If you are dealing with a big enough table, chances are your table is a date partitioned table so you can’t do all the operations in one go. You have to save the data for each date partition. Don’t worry, it’s not too complicated. You simply follow the same steps as you would for saving data to one partition and then just run that for each date. In the examples to follow, I will focus on just one date partition.

You need to do these three things to save data on disk:

  1. Enumerate
  2. Add attribute
  3. Save

Enumerate

I talked about enumeration in one of my previous posts. Basically, you are not allowed to save a table that has any sym type column(s) without first enumerating it.

.Q.en[`:dir] table

You may argue that we already have enumeration for that table in hdb.

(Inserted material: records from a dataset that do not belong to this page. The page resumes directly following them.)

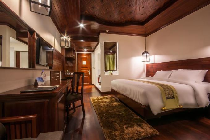 這裡所有建築都是以木質構造為主,配以雕刻木質花紋的地板與天花板、鍍金的家具裝飾,還有各種絲綢和高棉手工藝品,如果你也熱愛異域風情的體驗,一定能感受到不虛此行的滿足。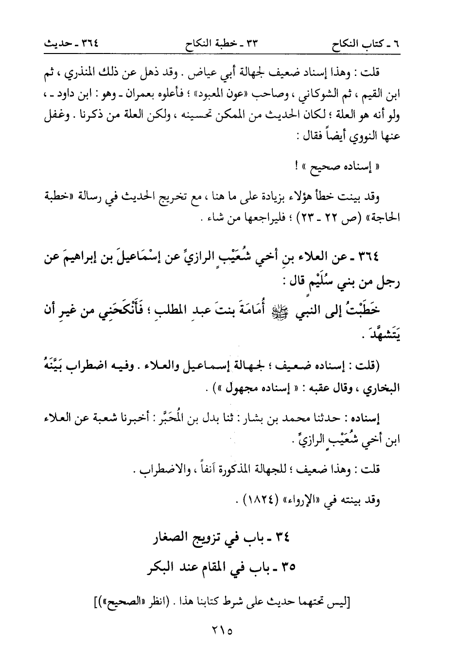 وقد بينت خطأ هؤلاء بزيادة على ما هنا، مع تخريج الحديث في رسالة "خطبة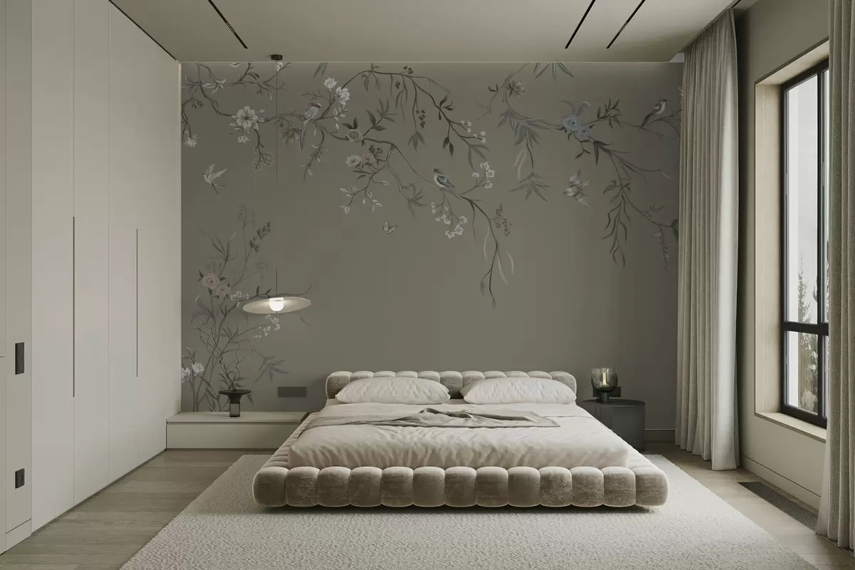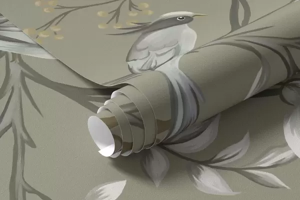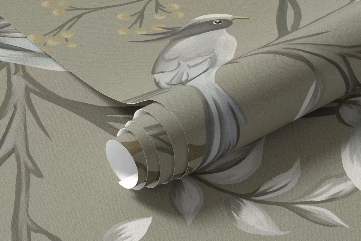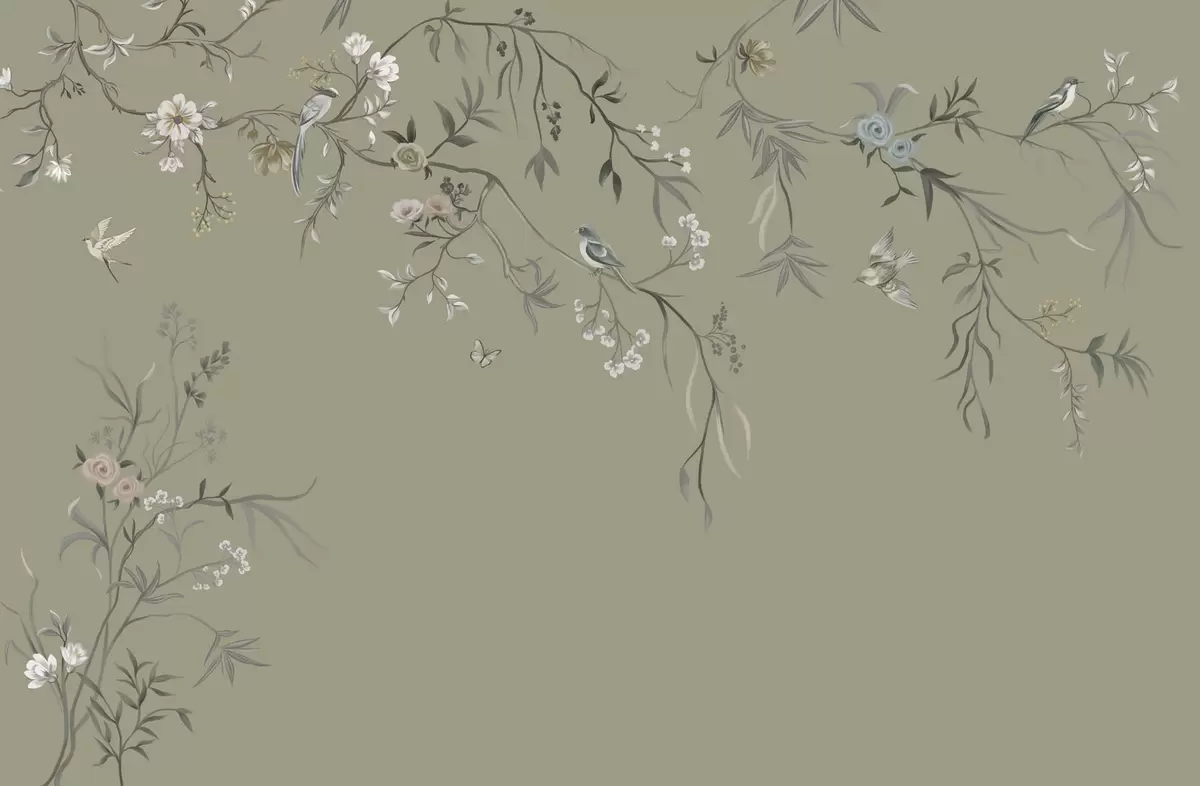 Фототапет Цветя с птици на сив фон Nr w05127v4

That’s true but every time you update the underlying data, enumeration must be updated too, or else your data will be corrupted.

Add attribute

Most hdb tables are parted on sym to speed up the data retrieval process. You should make sure to add the attribute when you are copying over the data or else it would be a pain for your clients to query the table. It will also add unnecessary stress to your system.

update `p#sym from .Q.en[`:dir] table

Save

Once you have your desired table ready, it is time to save it down to disk. The only issue is that you are working with date partitioned tables so you want to get the final address of the location where you will save the data programmatically. You can use .Q.par for that. All you have to do is point it to the directory which has your par.txt file. Par.txt file simply has the location of all the partitions. Then, you specify the date you want to save the data for and the name of the table, and it will return you the address of the location.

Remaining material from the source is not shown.